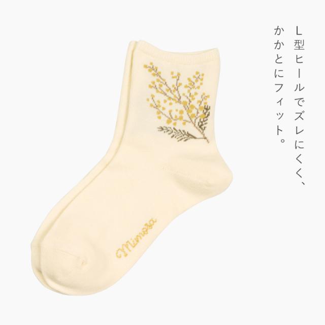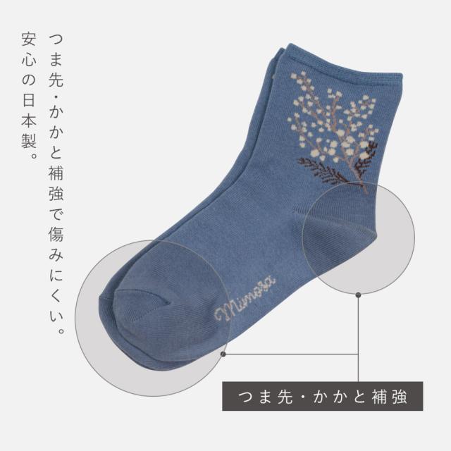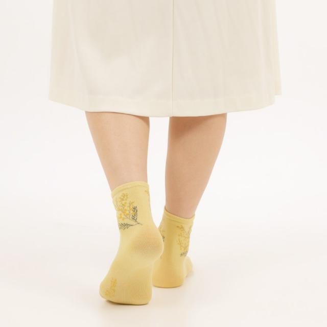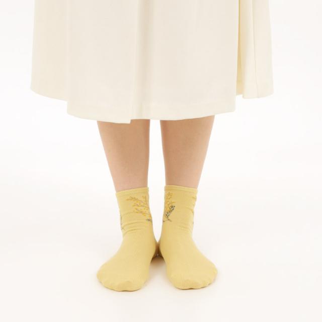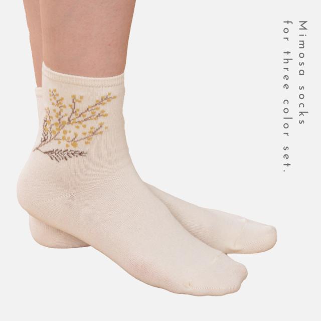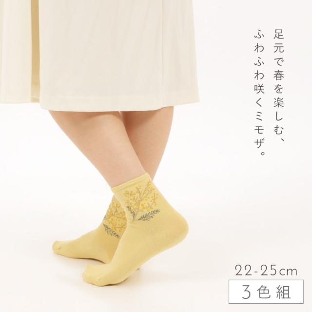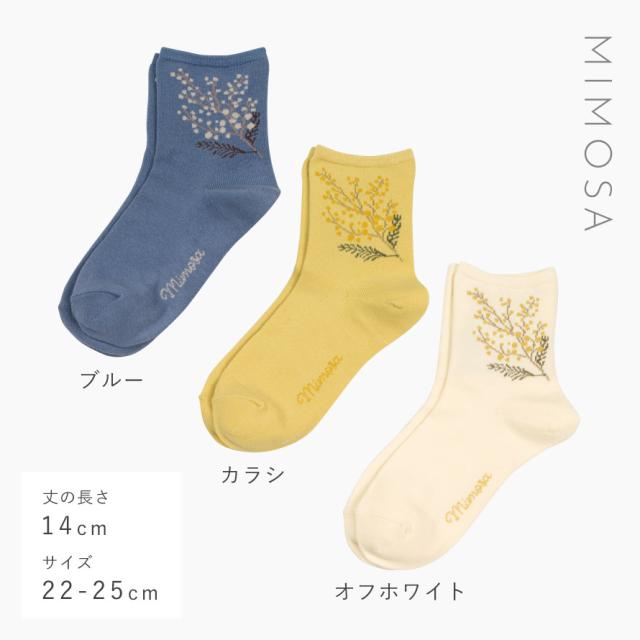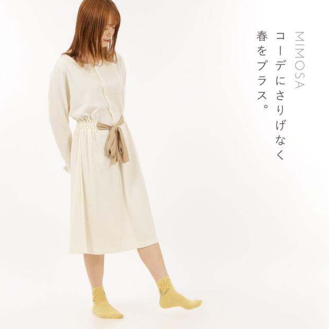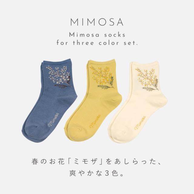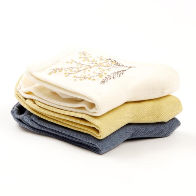 足元で春を楽しむ、ふわふわ黄色い「ミモザ」の花をあしらったソックスセット。爽やかな、ブルー・オフホワイト・カラシの3色のベースカラー。足首部分には可愛らしく咲くミモザ。日常にさりげなく春アイテムをプラスできます。
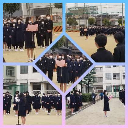 在校生の皆さんは学年が一つ上がり、プレッシャーを感じる場面もあるかもしれません。そんなときでも支えてくださる先生方や仲間が絶対にいます。私たちが卒業しても共に支え合い、協力しながら充実した中学校生活を送ってください。そして、皆さんの力でこの十三中学校が今よりも素晴らしい、より良い中学校になることを期待しています。
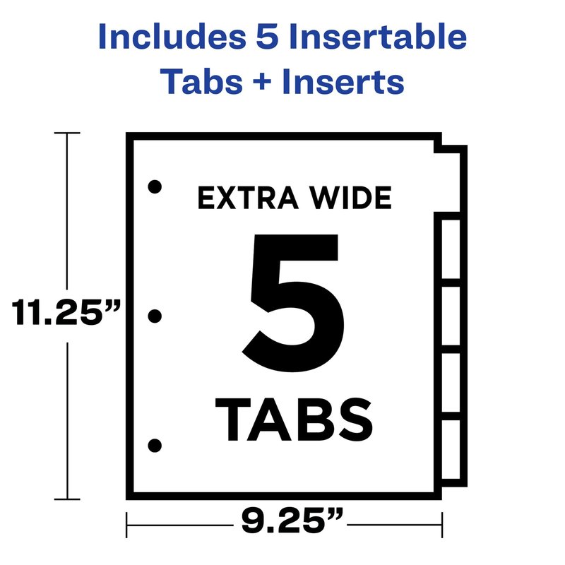 Avery Dividers for 3 Ring Binders, 5 Tab Binder Dividers, Plastic Binder Dividers with Pockets, Insertable Big Tabs, Multicolor, Works with Sheet Protectors, 1 Set (11902)
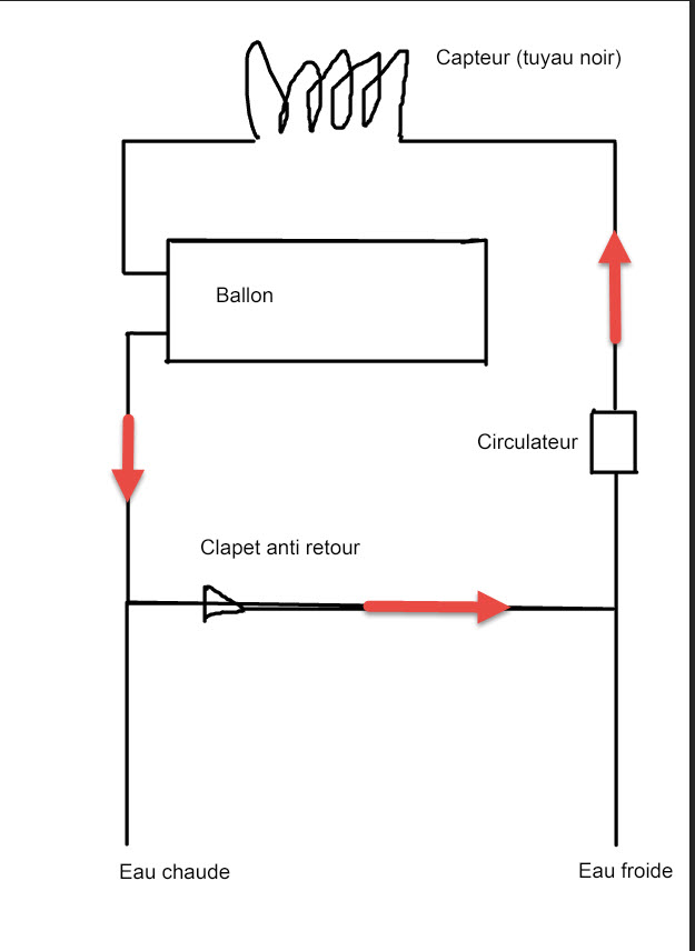 J'habite dans les 2 sevres, région plutôt chaude l'été. Pour l'été je voudrais chauffer l'eau sanitaire avec le soleil de façon très simple en mettant un tuyau noir sur le toit d'une dépendance. L'eau circulerait dans le tuyau et serait stockée dans un ballon. Pas de fluide caloporteur et donc vidange du tuyau l'hiver. Comme le ballon sera situé en dessous du tuyau capteur il n'est pas possible que l'eau circule par thermo syphon. Il faudrait donc que j'utilise un circulateur. Est-ce que le schema que je joins est correct? Qu'en pensez vous?
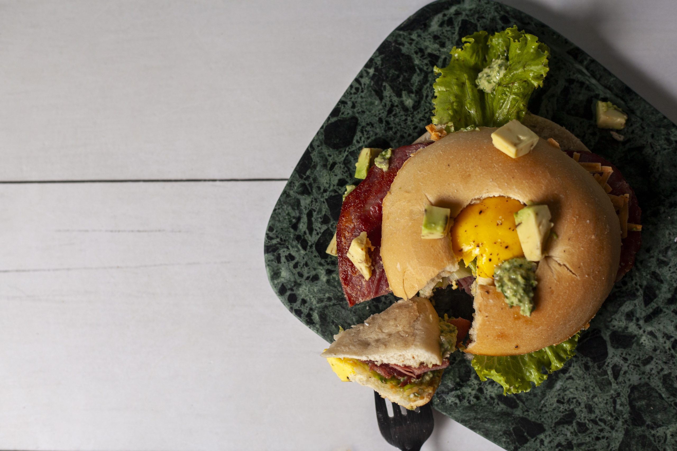 4. In a bowl, toss together the avocado, rocket, dill, lemon, sesame seeds, chilli flakes, and salt. Serve with the bagel. Add bacon for extra protein.
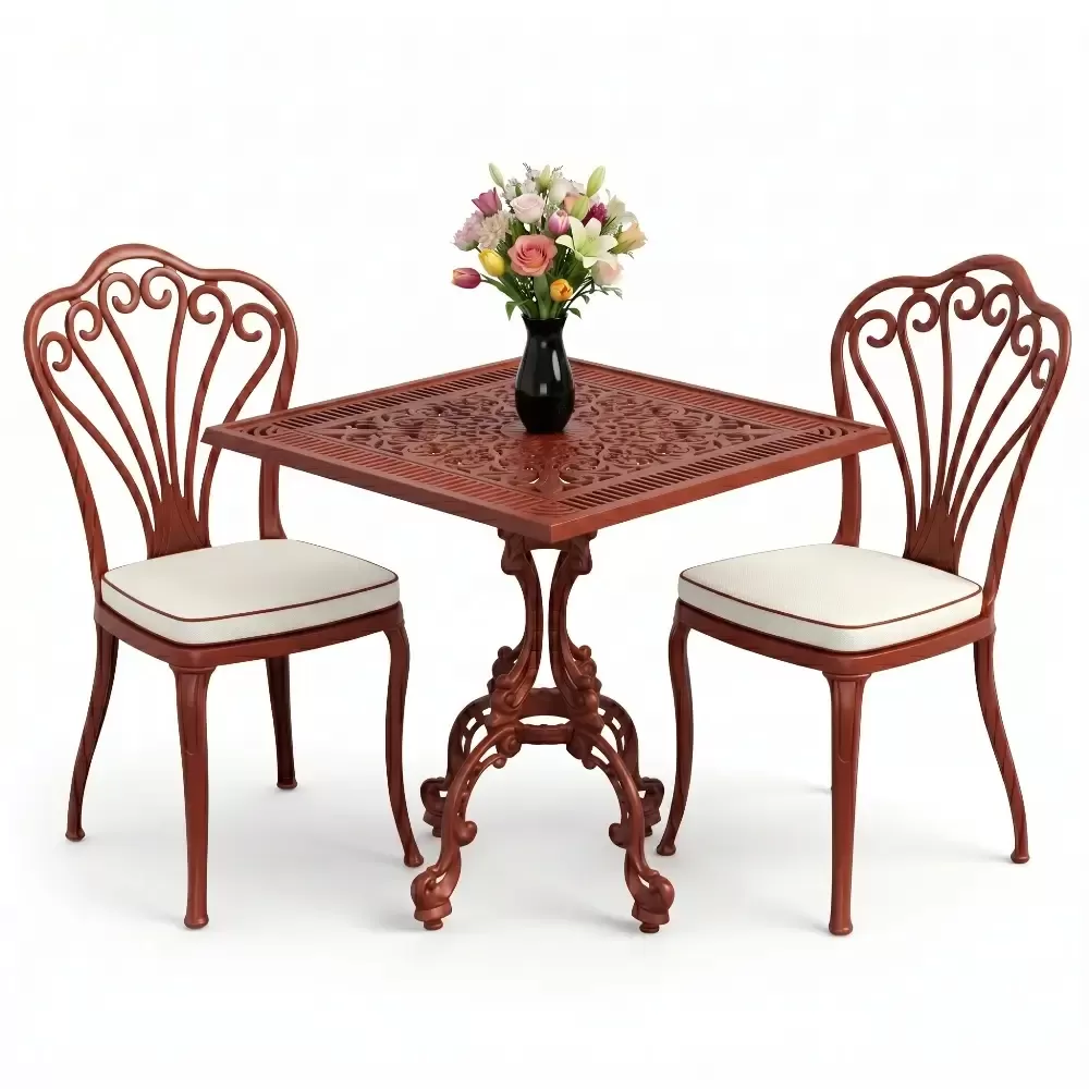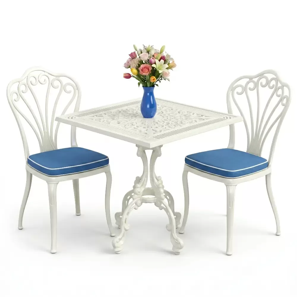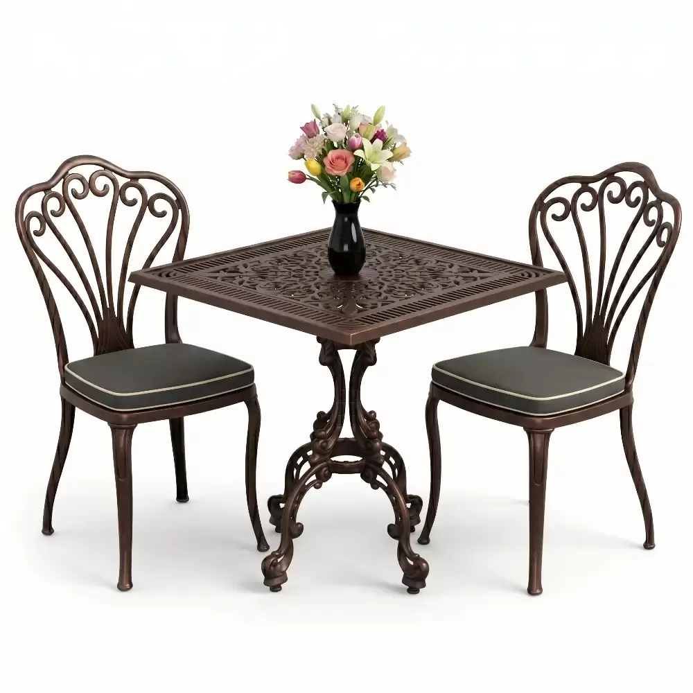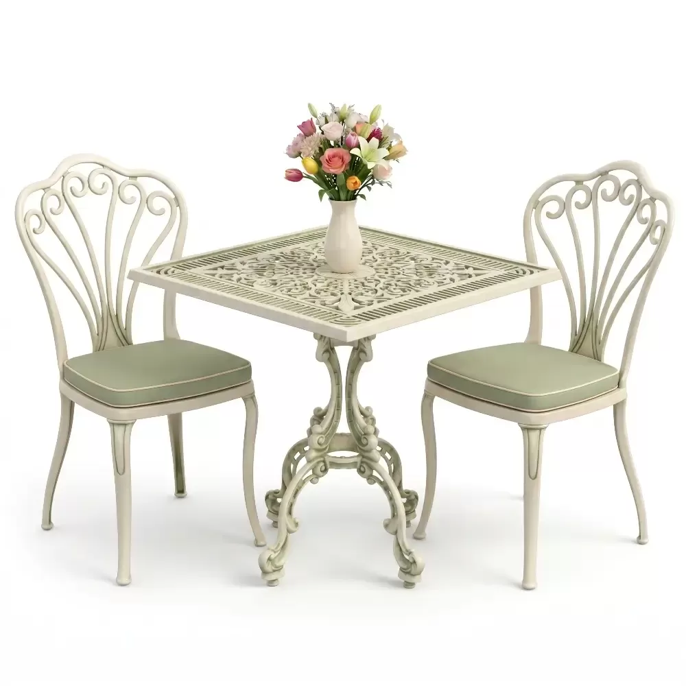 Yüksek kaliteli alüminyum döküm malzemeden üretilen bu takım, doğa şartlarına karşı tam direnç gösterecek şekilde tasarlanmıştır. Demir mobilyaların aksine paslanma ve korozyon riski barındırmaz. Elektrostatik fırın boya teknolojisi ile desteklenen yüzey dokusu; UV ışınlarına, aşırı sıcaklara ve nemli ortamlara karşı üstün koruma sağlayarak ürünün ilk günkü zarafetini uzun yıllar boyunca korumasına yardımcı olur.

What the task requires:
Your task is to reproduce exactly the lines from the start of the data above through the line containing "在校生の皆さんは学年が一つ上", leaving every picture out.

Output below:
 足元で春を楽しむ、ふわふわ黄色い「ミモザ」の花をあしらったソックスセット。爽やかな、ブルー・オフホワイト・カラシの3色のベースカラー。足首部分には可愛らしく咲くミモザ。日常にさりげなく春アイテムをプラスできます。
 在校生の皆さんは学年が一つ上がり、プレッシャーを感じる場面もあるかもしれません。そんなときでも支えてくださる先生方や仲間が絶対にいます。私たちが卒業しても共に支え合い、協力しながら充実した中学校生活を送ってください。そして、皆さんの力でこの十三中学校が今よりも素晴らしい、より良い中学校になることを期待しています。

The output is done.